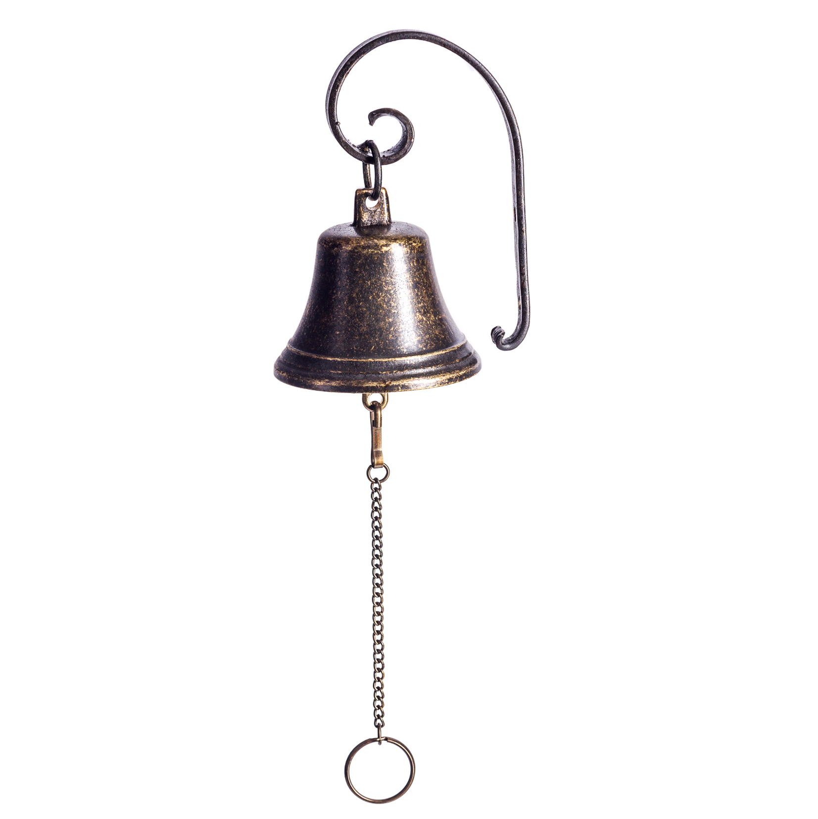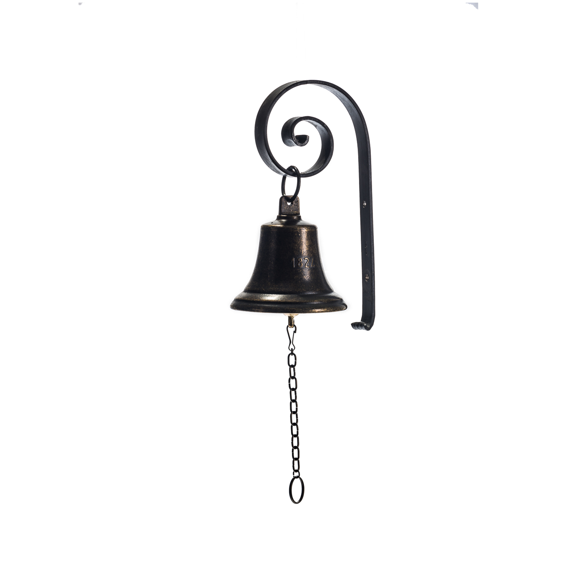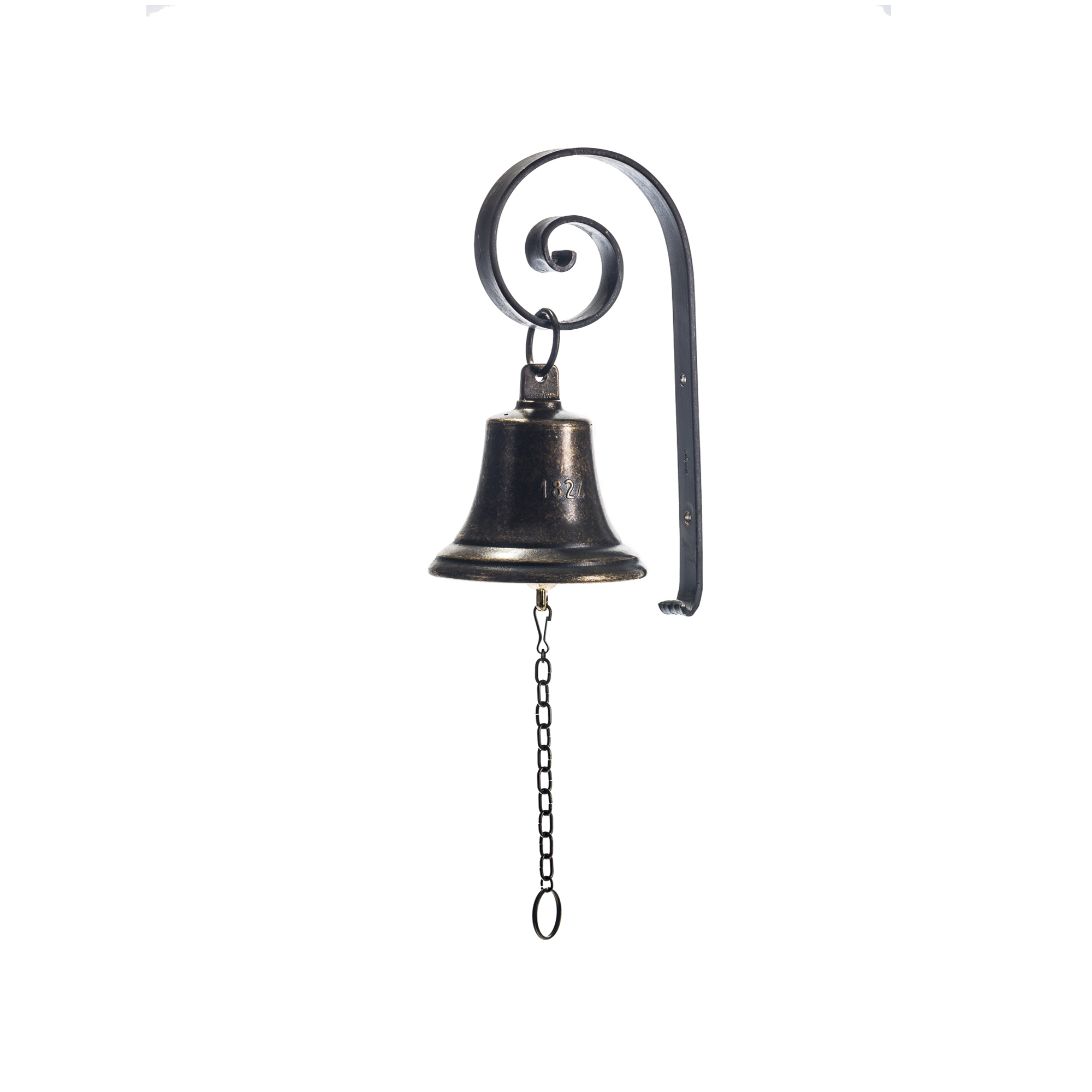 Bronze wall hanging bell diam. cm.8, with wrought iron support.
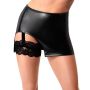 Wat deze minirok echt uniek maakt, is de stijlvolle uitsparing aan de zijkant van de zoom. Dit speelse detail voegt een vleugje sensualiteit toe aan het ontwerp, terwijl de stevig vastgenaaide band met kanten kousenband een extra dimensie van verfijning biedt. De combinatie van de wetlook stof en de kanten details zorgt voor een gedurfde, maar toch elegante uitstraling die perfect is voor de moderne vrouw die graag opvalt.
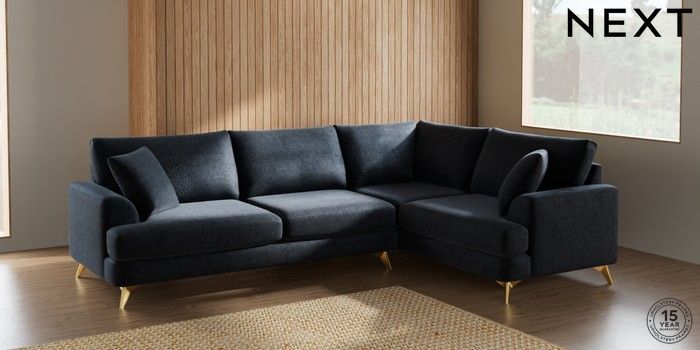 7.2.5 Buy Parker Large Corner Sofa - Right Hand Boucle Chenille Dark Slate Blue High Metal - Brass from the Next UK online shop Click here to use our accessible website

*Work to complete:* Your reply should consist of the data, transcribed exactly, and should hold no pictures.

*Task result:*
 Bronze wall hanging bell diam. cm.8, with wrought iron support.
 Wat deze minirok echt uniek maakt, is de stijlvolle uitsparing aan de zijkant van de zoom. Dit speelse detail voegt een vleugje sensualiteit toe aan het ontwerp, terwijl de stevig vastgenaaide band met kanten kousenband een extra dimensie van verfijning biedt. De combinatie van de wetlook stof en de kanten details zorgt voor een gedurfde, maar toch elegante uitstraling die perfect is voor de moderne vrouw die graag opvalt.
 7.2.5 Buy Parker Large Corner Sofa - Right Hand Boucle Chenille Dark Slate Blue High Metal - Brass from the Next UK online shop Click here to use our accessible website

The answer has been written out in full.